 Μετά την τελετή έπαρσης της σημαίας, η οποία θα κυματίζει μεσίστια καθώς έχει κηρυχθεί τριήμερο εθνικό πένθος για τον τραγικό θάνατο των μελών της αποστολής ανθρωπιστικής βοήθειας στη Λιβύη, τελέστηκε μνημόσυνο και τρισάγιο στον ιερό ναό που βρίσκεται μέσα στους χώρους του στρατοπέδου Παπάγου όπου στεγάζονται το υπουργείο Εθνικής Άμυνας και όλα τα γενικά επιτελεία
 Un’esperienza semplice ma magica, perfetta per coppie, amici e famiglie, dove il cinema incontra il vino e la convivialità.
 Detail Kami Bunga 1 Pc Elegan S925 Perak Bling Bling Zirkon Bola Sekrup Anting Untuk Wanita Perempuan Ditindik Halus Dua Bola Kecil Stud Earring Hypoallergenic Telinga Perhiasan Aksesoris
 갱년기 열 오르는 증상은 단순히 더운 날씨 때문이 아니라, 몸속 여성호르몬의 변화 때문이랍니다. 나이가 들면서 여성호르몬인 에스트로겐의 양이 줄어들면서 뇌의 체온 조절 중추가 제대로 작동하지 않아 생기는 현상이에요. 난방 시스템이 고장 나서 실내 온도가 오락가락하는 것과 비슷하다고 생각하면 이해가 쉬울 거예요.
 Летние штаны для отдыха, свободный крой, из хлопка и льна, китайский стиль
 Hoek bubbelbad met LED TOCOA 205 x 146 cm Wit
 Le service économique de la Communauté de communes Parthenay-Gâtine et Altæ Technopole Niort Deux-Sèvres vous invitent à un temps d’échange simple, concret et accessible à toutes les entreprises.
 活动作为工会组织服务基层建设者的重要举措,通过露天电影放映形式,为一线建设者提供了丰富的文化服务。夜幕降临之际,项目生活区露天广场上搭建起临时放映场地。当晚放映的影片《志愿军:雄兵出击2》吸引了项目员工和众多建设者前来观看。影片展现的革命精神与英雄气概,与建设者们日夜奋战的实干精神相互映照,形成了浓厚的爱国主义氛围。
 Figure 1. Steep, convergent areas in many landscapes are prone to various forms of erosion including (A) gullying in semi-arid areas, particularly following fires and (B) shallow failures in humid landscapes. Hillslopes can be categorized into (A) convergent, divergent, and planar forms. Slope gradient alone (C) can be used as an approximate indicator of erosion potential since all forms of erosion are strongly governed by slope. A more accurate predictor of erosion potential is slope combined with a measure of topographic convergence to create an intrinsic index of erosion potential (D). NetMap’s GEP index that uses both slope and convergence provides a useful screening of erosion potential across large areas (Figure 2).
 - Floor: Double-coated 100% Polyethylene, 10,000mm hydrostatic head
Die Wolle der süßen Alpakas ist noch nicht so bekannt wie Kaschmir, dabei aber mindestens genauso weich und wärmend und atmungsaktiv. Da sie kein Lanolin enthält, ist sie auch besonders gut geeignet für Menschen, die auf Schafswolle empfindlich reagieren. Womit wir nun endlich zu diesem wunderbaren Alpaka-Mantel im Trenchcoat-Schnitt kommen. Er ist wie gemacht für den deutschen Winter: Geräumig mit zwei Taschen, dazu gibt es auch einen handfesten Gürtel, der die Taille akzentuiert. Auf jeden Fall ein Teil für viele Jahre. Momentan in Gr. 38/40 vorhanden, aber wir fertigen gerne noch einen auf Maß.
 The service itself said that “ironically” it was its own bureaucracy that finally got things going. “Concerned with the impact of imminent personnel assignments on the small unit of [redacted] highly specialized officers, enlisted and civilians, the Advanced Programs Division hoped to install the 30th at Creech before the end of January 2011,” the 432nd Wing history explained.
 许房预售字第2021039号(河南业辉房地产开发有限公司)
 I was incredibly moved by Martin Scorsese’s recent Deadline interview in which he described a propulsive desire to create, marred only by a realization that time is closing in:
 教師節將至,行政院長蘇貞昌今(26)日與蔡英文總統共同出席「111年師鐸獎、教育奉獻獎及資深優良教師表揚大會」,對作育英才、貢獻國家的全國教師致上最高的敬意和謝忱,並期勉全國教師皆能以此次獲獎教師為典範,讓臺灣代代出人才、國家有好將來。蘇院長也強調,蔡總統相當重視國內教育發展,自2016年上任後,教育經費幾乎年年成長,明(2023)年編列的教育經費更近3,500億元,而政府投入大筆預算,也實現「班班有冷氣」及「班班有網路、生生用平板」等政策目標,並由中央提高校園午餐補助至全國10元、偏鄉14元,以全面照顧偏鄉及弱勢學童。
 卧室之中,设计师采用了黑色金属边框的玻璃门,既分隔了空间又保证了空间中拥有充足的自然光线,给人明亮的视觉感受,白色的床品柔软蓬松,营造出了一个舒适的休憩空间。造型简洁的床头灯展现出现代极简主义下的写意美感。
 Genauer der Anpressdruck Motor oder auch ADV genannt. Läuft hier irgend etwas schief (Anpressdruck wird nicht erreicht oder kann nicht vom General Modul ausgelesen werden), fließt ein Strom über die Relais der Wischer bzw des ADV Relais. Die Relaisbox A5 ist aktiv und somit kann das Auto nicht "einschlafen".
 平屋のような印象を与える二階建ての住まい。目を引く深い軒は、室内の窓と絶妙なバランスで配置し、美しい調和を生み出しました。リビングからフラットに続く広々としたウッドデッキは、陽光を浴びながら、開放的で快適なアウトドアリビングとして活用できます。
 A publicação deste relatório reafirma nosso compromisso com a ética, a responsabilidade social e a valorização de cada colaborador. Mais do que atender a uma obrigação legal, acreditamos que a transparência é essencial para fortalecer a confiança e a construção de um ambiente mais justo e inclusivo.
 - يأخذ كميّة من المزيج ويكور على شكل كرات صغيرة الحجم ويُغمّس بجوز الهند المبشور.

Try it:
Reproduce the material above exactly, beginning at its first line and ending with the line that holds "活动作为工会组织服务基层建设". Include nothing else.

Response to the task:
 Μετά την τελετή έπαρσης της σημαίας, η οποία θα κυματίζει μεσίστια καθώς έχει κηρυχθεί τριήμερο εθνικό πένθος για τον τραγικό θάνατο των μελών της αποστολής ανθρωπιστικής βοήθειας στη Λιβύη, τελέστηκε μνημόσυνο και τρισάγιο στον ιερό ναό που βρίσκεται μέσα στους χώρους του στρατοπέδου Παπάγου όπου στεγάζονται το υπουργείο Εθνικής Άμυνας και όλα τα γενικά επιτελεία
 Un’esperienza semplice ma magica, perfetta per coppie, amici e famiglie, dove il cinema incontra il vino e la convivialità.
 Detail Kami Bunga 1 Pc Elegan S925 Perak Bling Bling Zirkon Bola Sekrup Anting Untuk Wanita Perempuan Ditindik Halus Dua Bola Kecil Stud Earring Hypoallergenic Telinga Perhiasan Aksesoris
 갱년기 열 오르는 증상은 단순히 더운 날씨 때문이 아니라, 몸속 여성호르몬의 변화 때문이랍니다. 나이가 들면서 여성호르몬인 에스트로겐의 양이 줄어들면서 뇌의 체온 조절 중추가 제대로 작동하지 않아 생기는 현상이에요. 난방 시스템이 고장 나서 실내 온도가 오락가락하는 것과 비슷하다고 생각하면 이해가 쉬울 거예요.
 Летние штаны для отдыха, свободный крой, из хлопка и льна, китайский стиль
 Hoek bubbelbad met LED TOCOA 205 x 146 cm Wit
 Le service économique de la Communauté de communes Parthenay-Gâtine et Altæ Technopole Niort Deux-Sèvres vous invitent à un temps d’échange simple, concret et accessible à toutes les entreprises.
 活动作为工会组织服务基层建设者的重要举措,通过露天电影放映形式,为一线建设者提供了丰富的文化服务。夜幕降临之际,项目生活区露天广场上搭建起临时放映场地。当晚放映的影片《志愿军:雄兵出击2》吸引了项目员工和众多建设者前来观看。影片展现的革命精神与英雄气概,与建设者们日夜奋战的实干精神相互映照,形成了浓厚的爱国主义氛围。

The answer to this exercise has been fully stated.